Donato Dozzy — Plays Bee Mask | The Quietus

Donato Dozzy

Plays Bee Mask

If you’ve not heard Bee Mask’s magnificent 2012 single ‘Vaporware’ yet, you owe it to yourself to temporarily stop reading this review, hotfoot it across to your online music player or store of choice and spend 13 minutes getting acquainted. It’s one of the recent pinnacles of US post-noise synthesiser music, cast – like recent excursions from contemporaries James Ferraro and Daniel Lopatin – in almost unsettlingly pristine and crystalline hi-def. But lacking that pair’s conceptual flirtations, it’s a blissful and transportative standalone experience, like undergoing transcendental meditation with your central nervous system plugged into the world wide web.

But recruiting Donato Dozzy, Italian producer of none-deeper, none-more-cosmic afterhours techno, to rework it? This is one of those pairings that seem bizarre at surface level, but continue to make more sense the more you consider them properly. Cleveland-based Chris Madak has gradually teleported his work as Bee Mask into technoid domains – last year’s When We Were Eating Unripe Pears album in particular seethed with percussive detail, sending its tracks rippling forward in great tidal surges of activity. Certain fringes of the dance community have come to embrace his music, with DJs such as Surgeon and Ben UFO dropping his tracks as unexpected highlights in club sets (the former has remixed ‘The Story Of Keys & Locks’, which will hopefully see upcoming release, while the latter went so far as to invite Madak onto Hessle Audio’s Rinse FM show, a pleasing curveball for both artist and station).
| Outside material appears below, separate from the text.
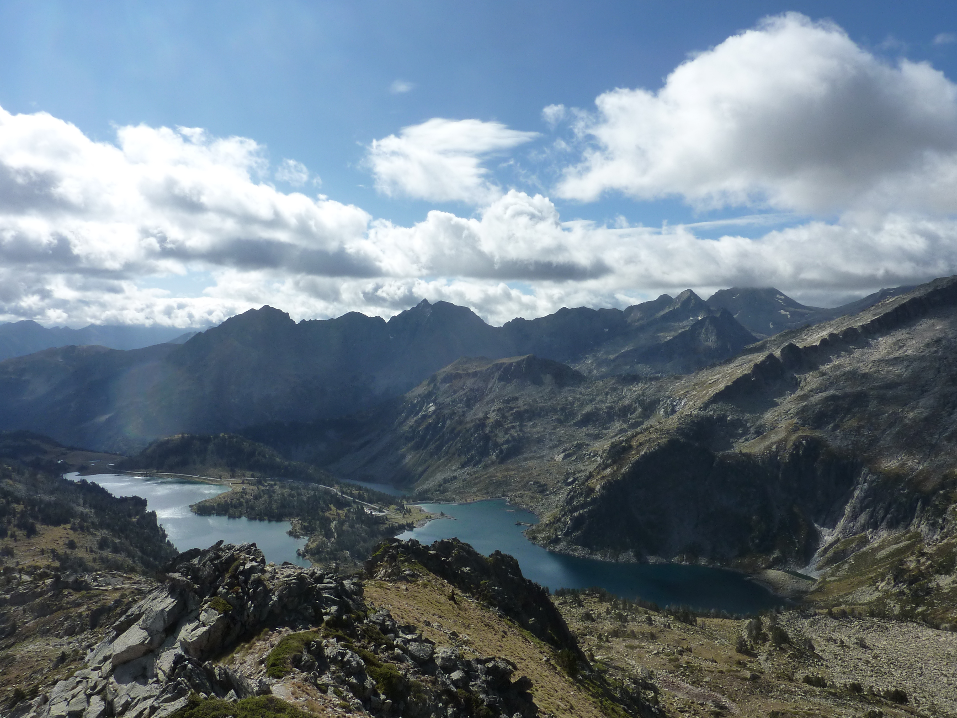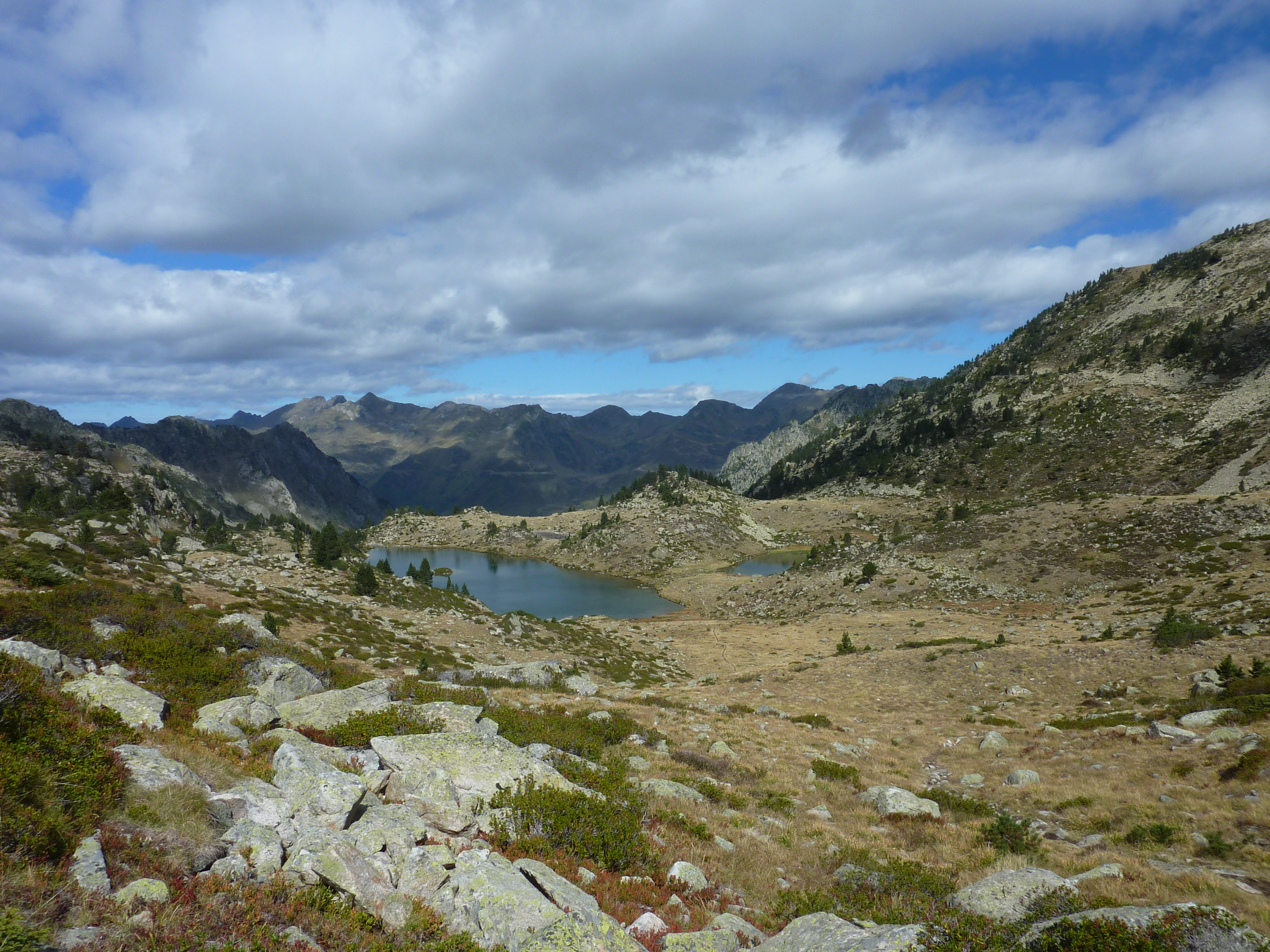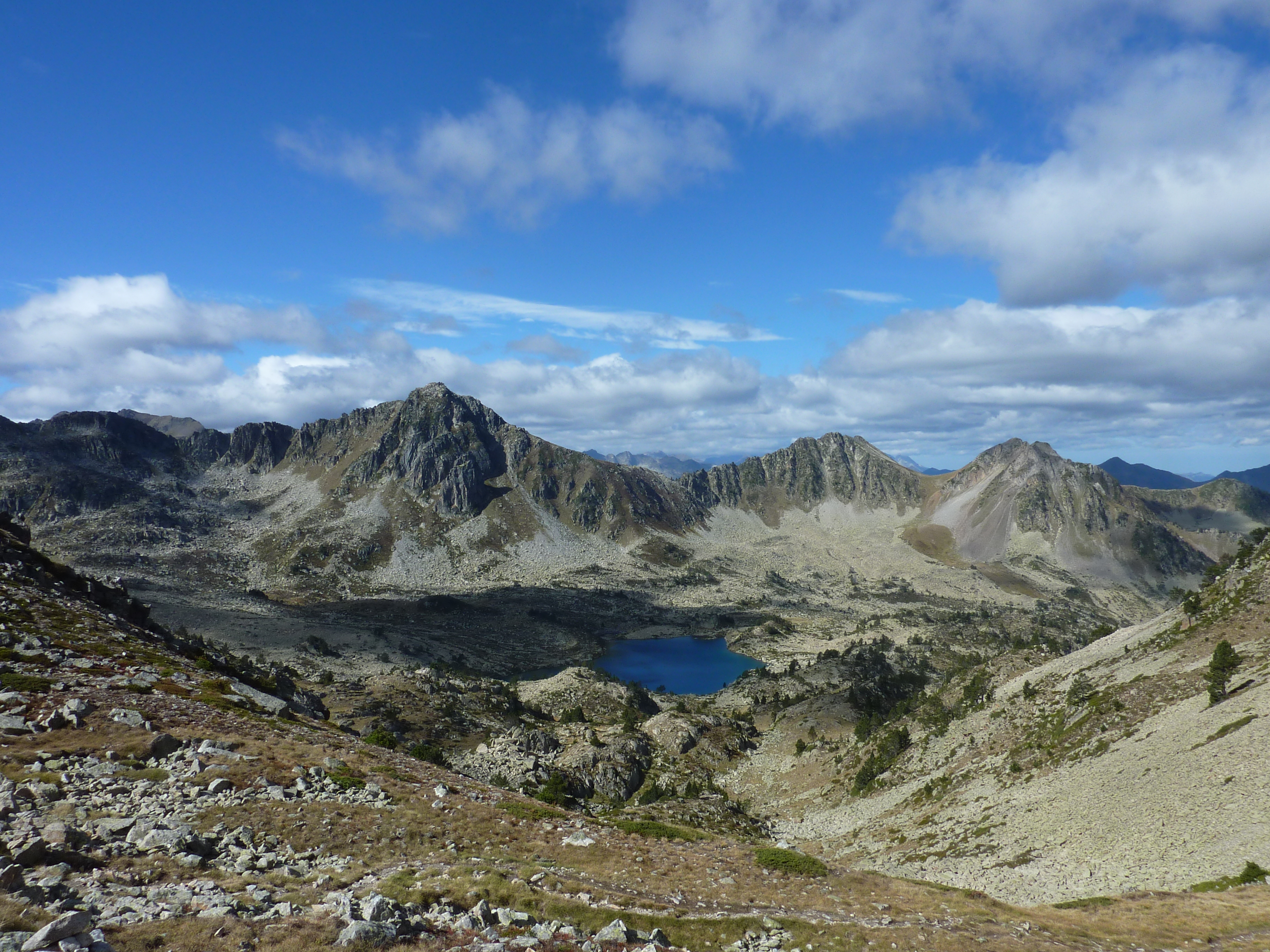 Vue sur le Lac d'Aubert, le Lac d'Aumar ainsi que sur le Pic de Bugatet, le Pic Méchant et le Pic Campbieil

Dozzy, though, seems particularly kindred in spirit: his work has long skirted the lines between functionality for the dazed and drooling late morning crowd and dense, near-beatless synthetic psychedelia (his 2011 album K couldn’t have been better named). Indeed, he proved fan enough to turn in not one but seven interlinked interpretations of ‘Vaporware’. These reframings – ‘remixes’ seem simultaneously too invasive and too throwaway a term for them – play out in sequence across Donato Dozzy Plays Bee Mask, each one a focused expansion of a different segment of ‘Vaporware’, stretching the original’s 13 minutes out to a languid, immersive 40.

Dozzy’s process here is something akin to microscopy. Each remix hones in on a particular fragment of detail from Madak’s original – rhythmic, flickering bleeps and chirps like a chorus of robotic crickets; delicate interplays of wind chime tones; brassy synth arpeggios – and takes it as sole focus, slowing it, digging deep into its contours, lending it space to breathe. The resultant trips are universally beautiful and inextricably connected to one another, making it hard to pick out individual highlights. Crucially, despite the New Age-y mood of flotation tank bliss, as with the original an undercurrent of anxiety runs through the depths, with the cyclical flurries of percussion that erupt at the music’s surface suggesting great gyres of turbulence beneath.

So Dozzy’s hand is rarely overtly visible, and he keeps the essence of Madak’s work very much intact. That goes some way towards explaining the album’s title which, in the manner of a string ensemble playing existing pieces from sheet music, suggests a new presentation of an already wholly composed work. It also highlights the respect that underpins this entire venture. Rather than opting to impose his own narrative upon Madak’s work, Dozzy’s relatively minimalist interpretations seem intended more to show off just how deep the placid tropical waters of his source material run. It’s hard to imagine many other pieces of contemporary electronic music bearing up to a 40 minute long extended play; that ‘Vaporware’ does, and so beautifully, speaks volumes.